THE INPUT START

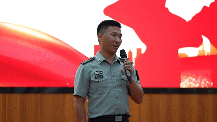 讲台上马盛亮教导员动情地讲述新学员的故事
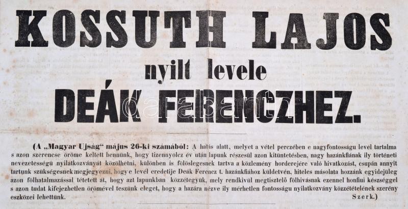 Description: 1867 Kossuth Lajos nyílt levele Deák Ferenchez A "Kasszandra levél" melyben figyelmezteti a kiegyezés elhibázottságára. Hirdetmény, önálló lap formában 36x52 cm
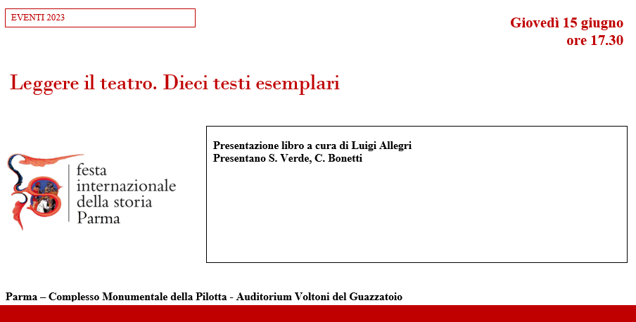 Leggere il teatro. Dieci testi esemplari Presentazione libro a cura di Luigi Allegri Presentano S. Verde, C. Bonetti Giovedì 15 giugno ore 17.30 Parma – Complesso Monumentale della Pilotta – sala conferenze Voltoni del Guazzatoio Ingresso gratuito. Posti limitati
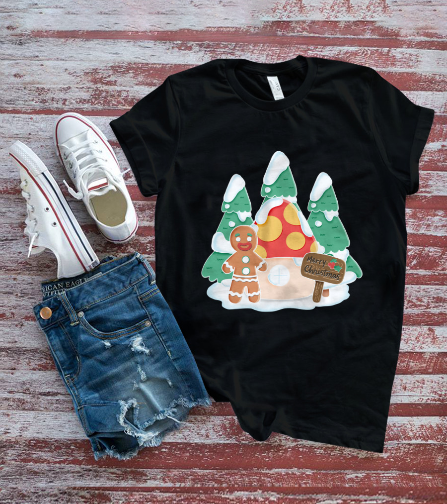 Merry Christmas Gingerman House With Snowy Trees And Mushroom Roof T-Shirt
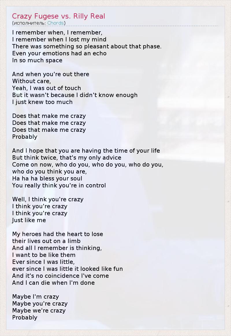 ГлавнаяИсполнителиChordsCrazy Fugese vs. Rilly Real
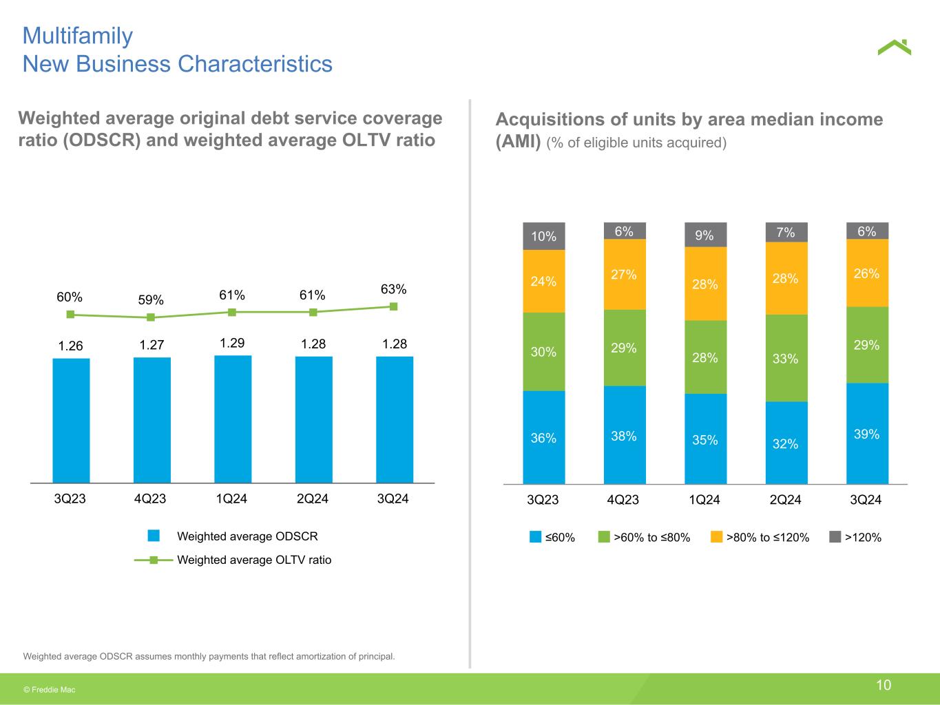 © Freddie Mac 9 $13 $16 $9 $11 $15 3Q23 4Q23 1Q24 2Q24 3Q24 0.24% 0.39% 0.29% 0.50%0.57% 1.21% Freddie Mac (60+ day) FDIC insured institutions (90+ day) MF CMBS market (60+ day) 3Q23 4Q23 1Q24 2Q24 3Q24 Multifamily delinquency rates $432 $441 $443 $447 $452 3Q23 4Q23 1Q24 2Q24 3Q24 Multifamily Financial Highlights and Key Metrics $0.8 $0.6 $1.3 $0.9 $0.8 $0.4 $0.3 $0.8 $0.5 $0.5 Net revenues Net income 3Q23 4Q23 1Q24 2Q24 3Q24 (89 %) New business activity UPB in $ Billions 5% YoY increase The delinquency rate for FDIC insured institutions is as of June 30, 2024 (latest available information). Mortgage portfolio UPB in $ Billions Net revenues and net income $ Billions
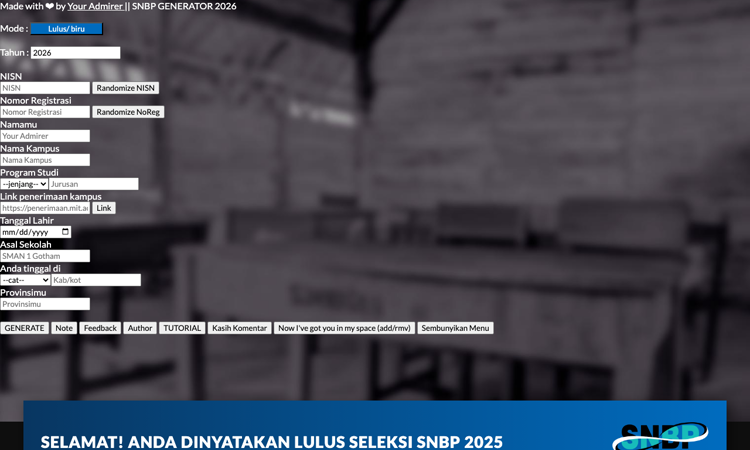 SNBP Generator 2026 adalah tool iseng-generator hasil kelulusan SNBP secara fun/humor. Masukkan nama, NISN, universitas tujuan, dan generate sertifikat kelulusan palsu untuk bercanda. Cantumkan disclaimer jelas: SNMPTN For Fun Only — ini bukan tool resmi dan tidak ada hubungannya dengan penerimaan jalur SNBP yang sebenarnya.

THE INPUT END

WHAT THIS TASK INVOLVES
What you return must match the lines from the top of the data through the line with "Description: 1867 Kossuth" exactly, with the pictures removed.

YOUR SOLUTION
 讲台上马盛亮教导员动情地讲述新学员的故事
 Description: 1867 Kossuth Lajos nyílt levele Deák Ferenchez A "Kasszandra levél" melyben figyelmezteti a kiegyezés elhibázottságára. Hirdetmény, önálló lap formában 36x52 cm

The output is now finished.